Правило номер один

Правило номер один в хосписе «Крылья» звучало просто: не влюбляйся в пациентов.

На первом инструктаже новичков этим правилом пугали почти торжественно, как будто речь шла не о трудовой этике, а о древнем проклятии, которое передаётся от смены к смене. Инга Аркадьевна, наша старшая медсестра, произносила его медленно, с таким лицом, будто зачитывала приговор. Ей было под шестьдесят, она носила накрахмаленный халат, пахнущий лавандой и хлоркой, и умела смотреть так, что хотелось немедленно выпрямить спину, перестать сутулиться, перестать моргать и вообще перестать существовать в её поле зрения, если ты вдруг сделал что-то не так.

Я смеялась над этим правилом первые два года.

Серьёзно? Влюбиться в человека, которого кормишь с ложечки манной кашей, потому что у него отказывают руки? Влюбиться в того, кому меняешь утку, кому переворачиваешь простыню под спиной, кому вытираешь губы после приступа рвоты? Влюбиться в запах лекарств, пролежней, спирта и влажных салфеток? В «Крыльях» пахло не жизнью, а её медленным, аккуратным угасанием. Мы не спасали. Мы провожали. И я была хорошим провожатым — спокойным, исполнительным, с идеально отлаженным механизмом профессионального сочувствия. Я умела вовремя улыбнуться, вовремя поправить одеяло, вовремя промолчать. Не обещала лишнего. Не задавала вопросов, на которые люди не хотят отвечать. И никогда, слышите, никогда не плакала после смен.

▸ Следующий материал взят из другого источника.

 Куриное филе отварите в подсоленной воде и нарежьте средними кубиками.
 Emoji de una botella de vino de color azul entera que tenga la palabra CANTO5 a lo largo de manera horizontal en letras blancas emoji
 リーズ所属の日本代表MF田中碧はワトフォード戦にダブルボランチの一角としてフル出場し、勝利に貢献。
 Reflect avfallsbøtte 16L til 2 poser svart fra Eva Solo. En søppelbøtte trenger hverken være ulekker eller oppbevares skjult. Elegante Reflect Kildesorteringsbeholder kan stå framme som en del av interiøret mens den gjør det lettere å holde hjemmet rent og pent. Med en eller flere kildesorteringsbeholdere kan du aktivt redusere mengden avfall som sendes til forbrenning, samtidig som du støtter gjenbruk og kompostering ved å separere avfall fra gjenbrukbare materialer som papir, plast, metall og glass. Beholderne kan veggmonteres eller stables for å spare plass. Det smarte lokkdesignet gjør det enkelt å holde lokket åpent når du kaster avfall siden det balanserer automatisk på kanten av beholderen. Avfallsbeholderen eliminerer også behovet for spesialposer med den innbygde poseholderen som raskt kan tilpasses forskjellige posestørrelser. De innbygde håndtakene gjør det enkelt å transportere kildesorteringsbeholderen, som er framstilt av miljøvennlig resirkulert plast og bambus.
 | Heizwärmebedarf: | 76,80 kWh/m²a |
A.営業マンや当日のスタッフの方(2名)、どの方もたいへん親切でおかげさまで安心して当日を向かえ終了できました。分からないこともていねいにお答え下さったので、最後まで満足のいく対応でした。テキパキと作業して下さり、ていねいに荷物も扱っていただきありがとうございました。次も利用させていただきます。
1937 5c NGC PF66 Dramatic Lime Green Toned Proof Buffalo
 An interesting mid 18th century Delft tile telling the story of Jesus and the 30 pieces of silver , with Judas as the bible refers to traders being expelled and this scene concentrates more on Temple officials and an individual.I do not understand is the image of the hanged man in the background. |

Даже когда увозили тех, к кому я успевала привыкнуть.

Мне было двадцать семь. За плечами — медицинский колледж, три года работы в обычной больнице, откуда я ушла, потому что не вынесла криков, суеты и крови на белом кафеле, и два года в «Крыльях», где кричали редко, а кровь прятали под бинтами, простынями и слишком спокойными голосами врачей. Я жила в бабушкиной двушке на окраине, выплачивала ипотеку за ремонт, ездила на стареньком «Фольксвагене», который зимой заводился только после уговоров, и по вечерам смотрела сериалы, в которых люди красиво влюблялись, красиво ссорились и красиво умирали — под музыку, с хорошим светом и правильными словами напоследок. Моя жизнь была расписана по минутам: подъём в шесть, смена до восьми, дорога домой, душ, чай, сон. Иногда я встречалась с подругами в кафе, где они обсуждали мужей, детей, детские кружки, начальников и цены на продукты, а я сидела напротив и чувствовала себя инопланетянкой. Их проблемы пахли духами, молочной пенкой и детским кремом. Мои — морфином, резиновыми перчатками и приближением конца.

А потом привезли его.

Это было в начале сентября. Лето умирало, как и всё в этом месте, но делало это красиво: за окнами «Крыльев» росли старые клёны, и их листья только начинали желтеть по краям, будто кто-то осторожно касался их золотой акварелью. Я только закончила утренний обход — шесть палат, двенадцать пациентов, стандартный набор жалоб, просьб и молчаливых взглядов. Витя, наш санитар, вечно жующий мятную жвачку, катил по коридору каталку с новеньким.

— Седьмая палата, — бросил он на ходу. — Рак поджелудочной. Молодой. Тридцать четыре.

Я кивнула и пошла за ним.

Седьмая палата была угловой, с большим окном и видом на клёны. Обычно туда клали самых тяжёлых — тех, кому, по прикидкам врачей, оставалось меньше месяца. Считалось, что вид деревьев успокаивает. Не знаю, работало ли это. Мне бы на их месте хотелось смотреть в стену, чтобы не видеть, как мир за стеклом продолжает жить по расписанию.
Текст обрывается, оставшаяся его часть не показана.